Thursday, March 08, 2007

i know that i'm going crazy

i'm trying to stay home and be good like making blackberry and sage marinade like maybe if i put on an apron i will be okay because that is what all those ladies in the fifties did and fuck it those ladies had to be faltering between sanity and madness i mean look at their fucking hair but i don't even have an apron maybe if i had an apron maybe if my hair didn't look like shit already i could smooth it out and hide behind it.

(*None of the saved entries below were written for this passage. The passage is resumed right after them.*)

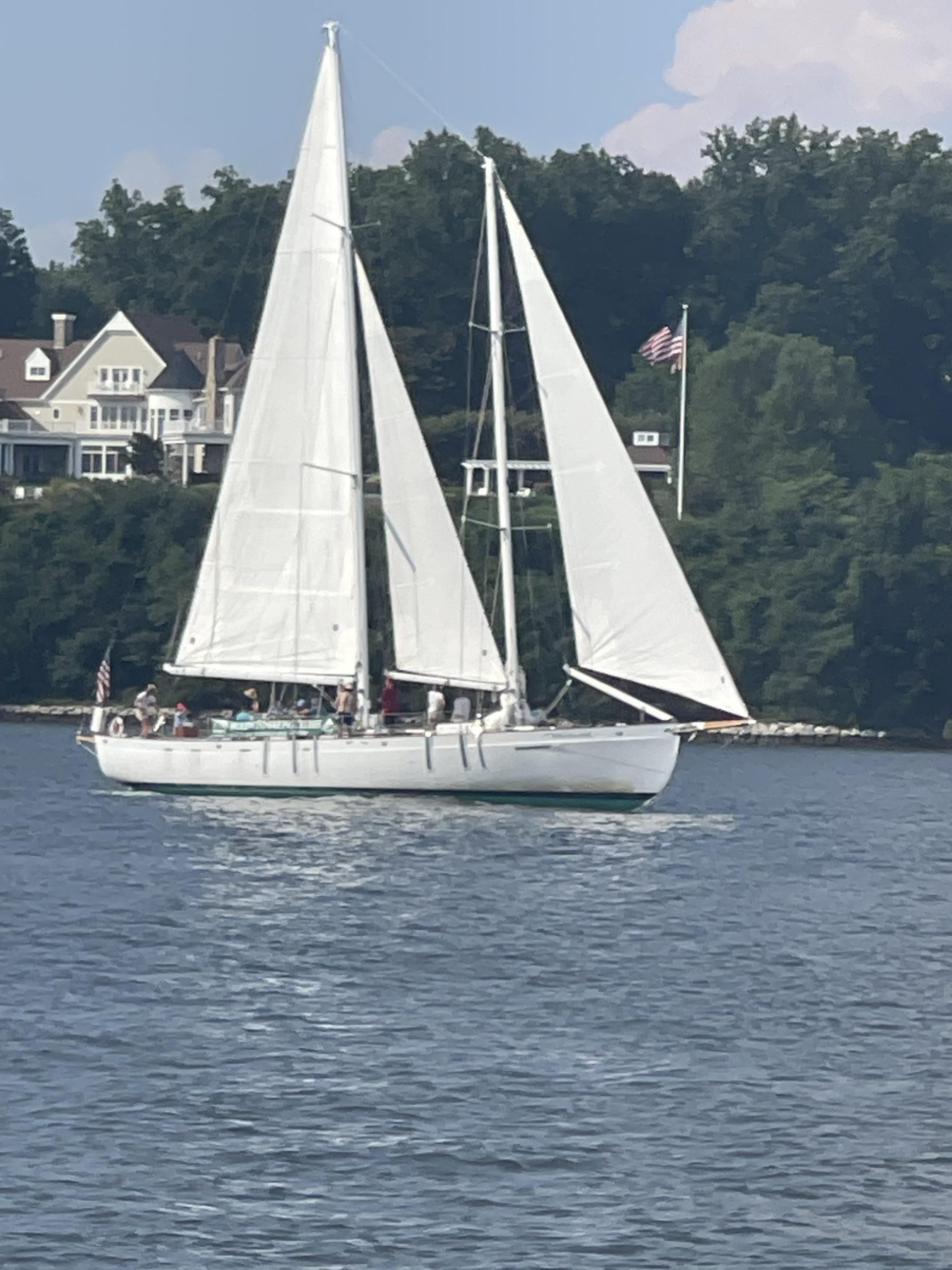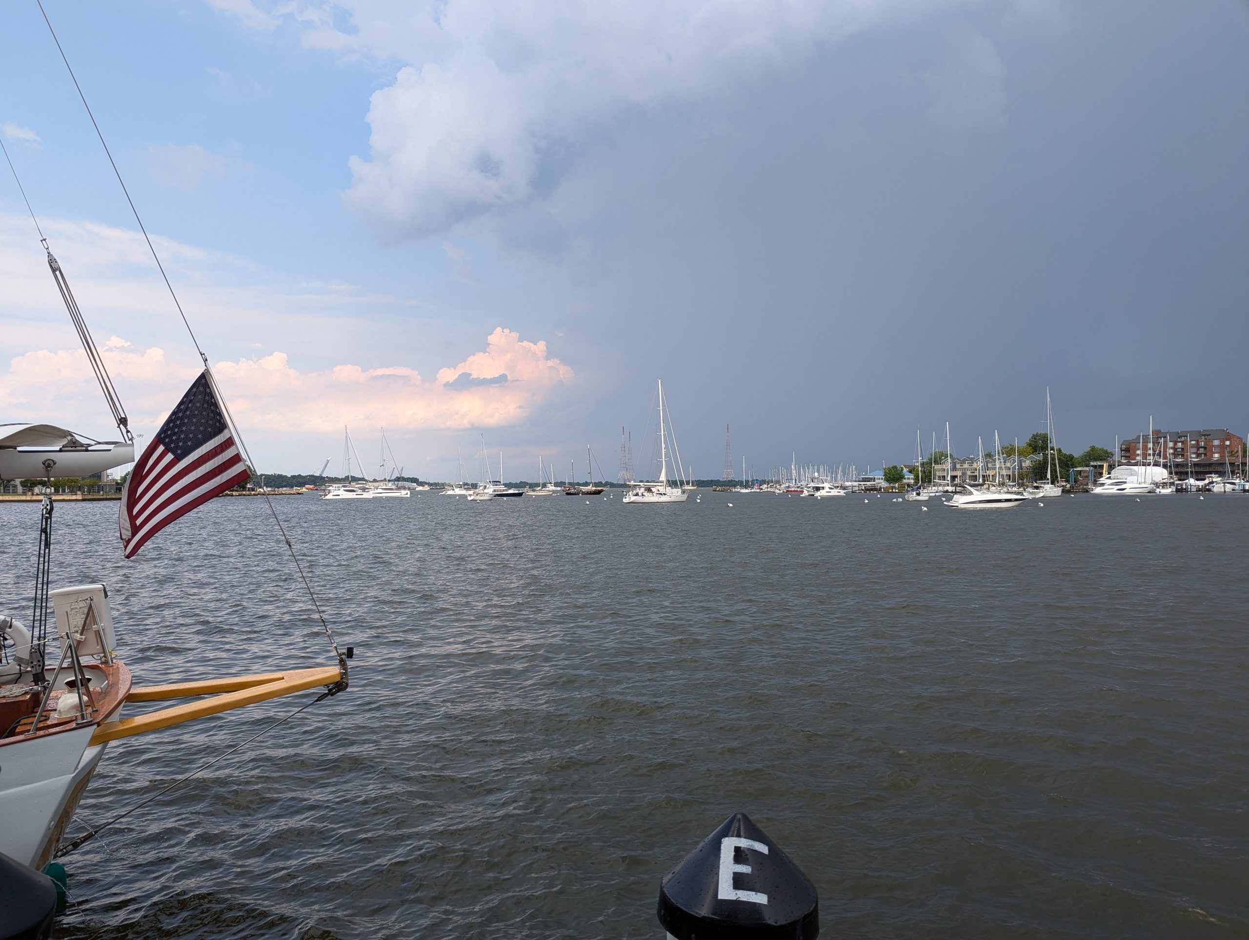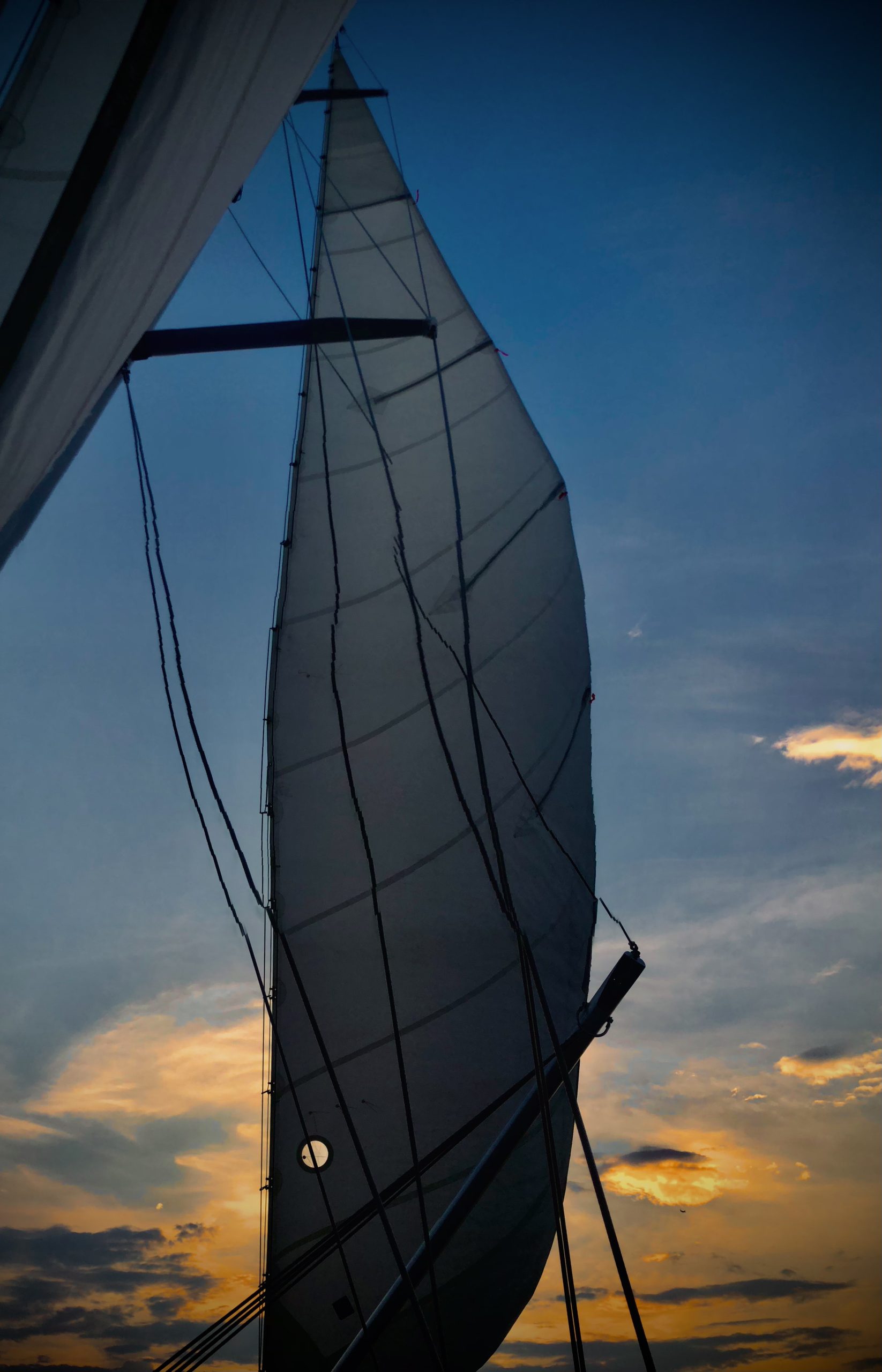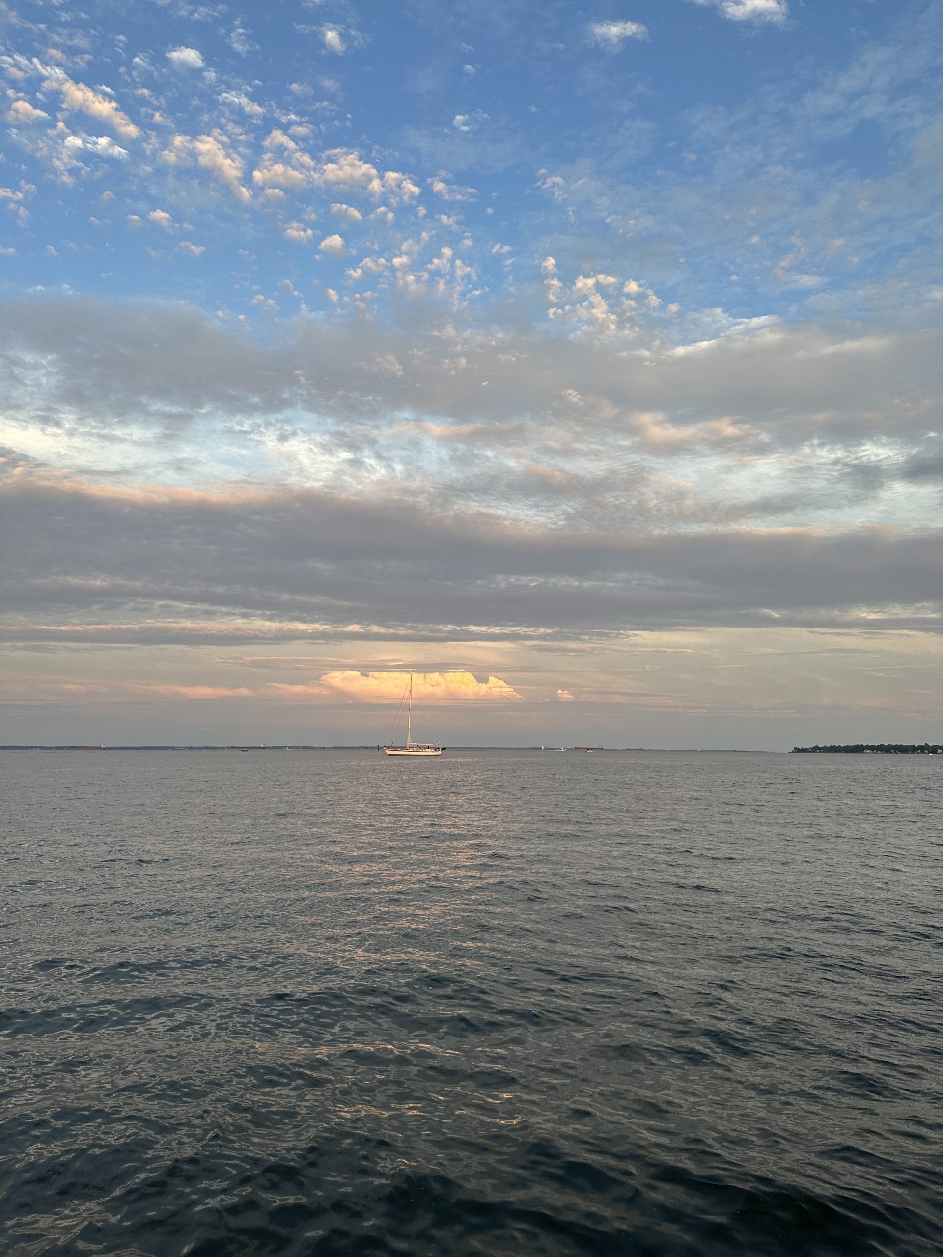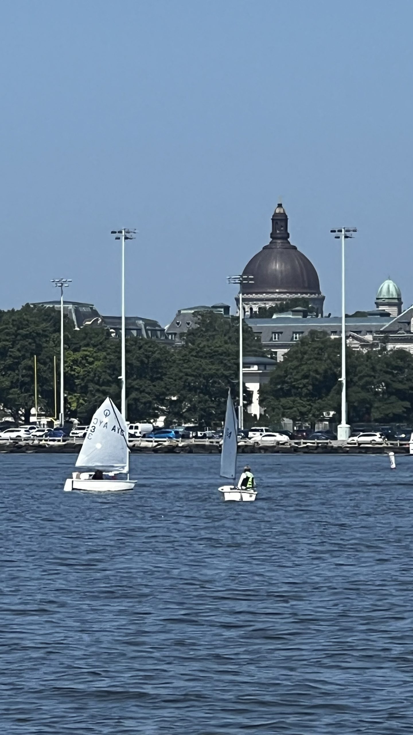 After a beautiful evening sail on July 18th aboard the Woodwind II, passengers were treated to a magnificent view featuring the fiery sun setting above the Naval Academy Chapel Dome. Photo by Susan Johnson of Annapolis, MD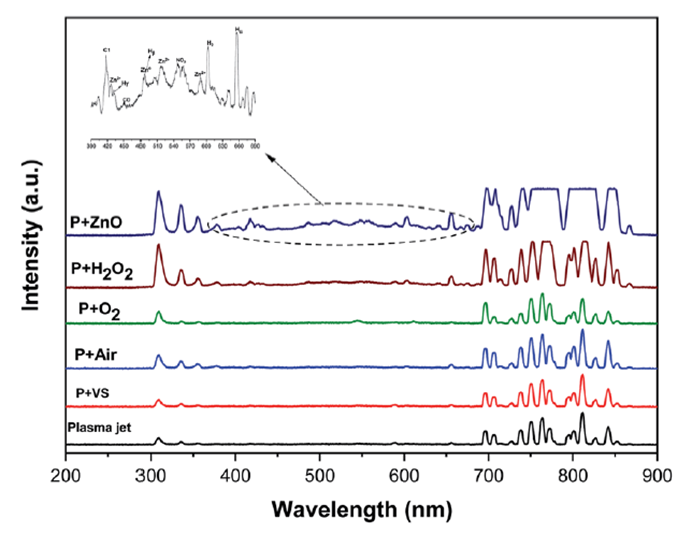 相比于单独的等离子体、空气、O2和H2O2等不同环境条件,光谱分析证实等离子体与ZnO形成了更高浓度的活性物质,含有ZnO纳米颗粒的缬沙坦水溶液表现出更高的降解率。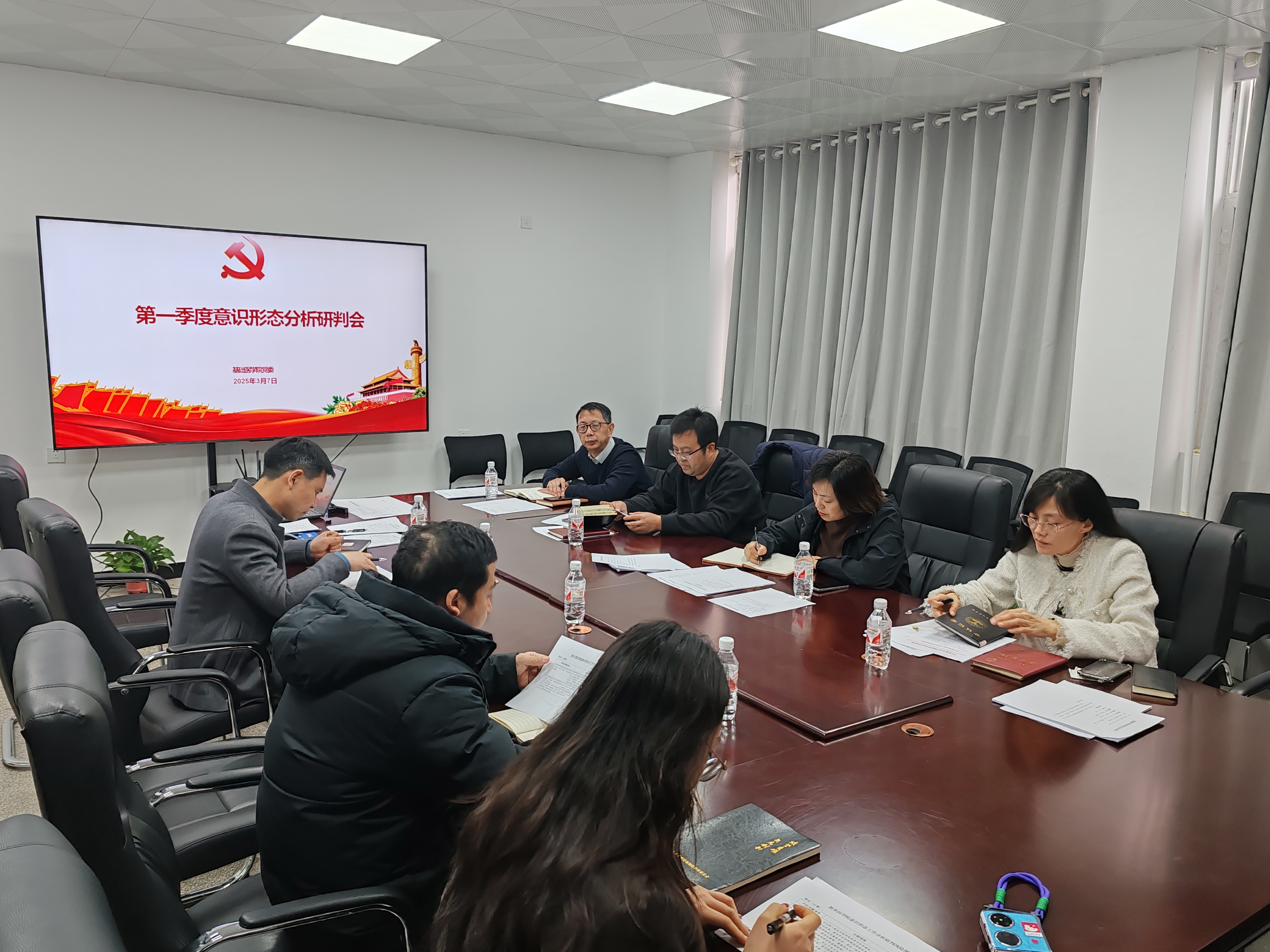(文/图 吴文斌)3月7日上午,基础医学院党委在求真楼331会议室召开2025年第一季度意识形态工作分析研判会。党政领导班子全体人员、党政办公室、学生工作办公室、团委、研究生培养与学位点建设等科室负责人参加会议。会议由党委书记任峰主持。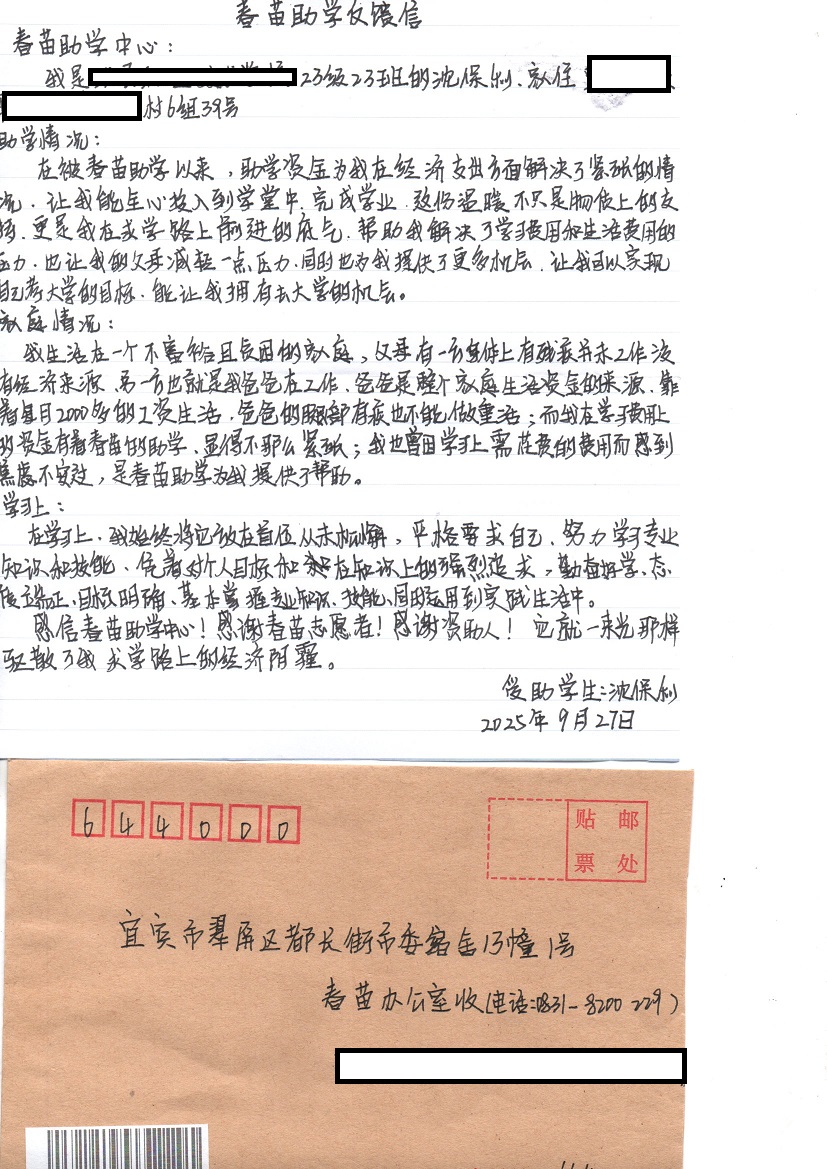 【原创】 【原创】 受助学生反馈信:沈保利

i try not to listen to myself when i talk because i talk all the time i can't shut up i'm trying to distract myself from whoever i'm with and the fact that i'm bored and i'm scared of them and they're strange and stupid and even though i know they're real i can't completely convince myself. and i don't even know what i'm saying somtems i can hear myself and it sounds like i'm speaking in tongues i have no idea what i'm even talking about and if they pretend to listen i start to hate them for it and then at the same time i'm wondering what if i cut off my own arm and made human stock with it. and then laterout of nowhere i have this vivid image of me in my edward scissorhands boots stopming on someone's throat not anyone even some faceless nobody and i think about it until i actually gag because it's so disgusting. i don't want to stomp on someone's throat until the skin splits and blood gurgles out and sight and sound are reminiscent of some fat newborn eating strained blackberries. and then i have to wonder why i can't stop thinking of blackberries. that is it always, why can't i stop thinkg about xyz. fuck.